Это была тюрьма, и в ней на этот раз томился молодой узник. Ему казалось не больше двадцати лет. Так молод! Какие же ранние преступления могли привести его сюда? По лицу его не веришь этим преступлениям, не веришь, чтобы Бог создал такую обманчивую наружность. Так пригож и благовиден, что, кажется, ни один черный помысел не пробежит по спокойному челу, ни одна страсть не заиграет в его глазах, исполненных любви к ближнему и безмятежной грусти. И между тем статен, величав; как встрепенется из дремоты своей, как тряхнет черными кудрями, виден забывшийся господин, а не раб. Руки его белы, нежны, словно женские. На косом вороте рубашки горит изумрудная запонка; в сырой закопченной избе на широком прилавке пуховик, с изголовьем из мисюрской[2] камки и с шелковым одеялом, а подле постели ларец из белой кости филиграновой работы. Видно, не простой узник!

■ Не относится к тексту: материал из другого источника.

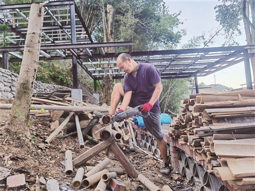 “农村一草一木、一沙一石都是建筑材料,关键看你怎么利用。”廖建民说,他们夫妇和侄子廖军商定,尽可能做到就地取材,少用水泥钢筋,保持乡村原生态。

Не простой, да еще венчанный… И чист делами и помыслами, как житель неземной. Все его преступления в венце, которого он не искал и который надела на него прихоть властителя; никакой крамоле, никакому злу не причастный, он виноват за чужие вины, за честолюбие двух женщин{5}, за коварство царедворцев, за гнев деда на сторонних, не на него ж. Ему назначили царство и отвели в тюрьму! Он не понимал, почему венчают его, и теперь не понимает, за что его лишили свободы, света божьего, всего, в чем не отказывают и смерду. За него ближние и молиться не смеют вслух.
Это внук Иоанна III, единственное дитя любимого сына его, злополучный Дмитрий Иоаннович.
То сидел он в грустном раздумье, облокотясь на колена и утопив пальцы в чернокудрой голове, то вставал, то ложился. Он метался, как будто дали ему отраву. Никого с ним не было. Одинокий огонек освещал его бедное, несчастное жилище. Тишину избы нарушали капель с потолка или мышь, подбиравшая крохи от трапезы узника. Огонек то замирал, то вспыхивал, и в эти переливы света, казалось, ползли по стене ряды огромных пауков. В самом же деле это были каракульки на разных языках, начертанные углем или гвоздем. Едва можно было разобрать в них: «Matheas», «Марфа, посадница Великого Новгорода», «Будь проклят!», «Liebe Mutter, liebe А…»[3] и еще, еще какие-то слова, разорванные струями, которые текли по стене, или стертые негодованием и невежеством сторожей.
Дверь темницы тихонько отворилась. Дмитрий Иоаннович встрепенулся.
– Афоня! Это ты? – радостно спросил он; но, увидав, что принял вошедшего за другого, присовокупил с грустью: – Ах, это ты, Небогатый!.. Что ж нейдет Афоня?.. Мне скучно, мне тошнехонько, меня тоска гложет, будто змея подколодная лежит у сердца. Ведь ты сказал, что будет Афоня, когда огни зажгут в домах?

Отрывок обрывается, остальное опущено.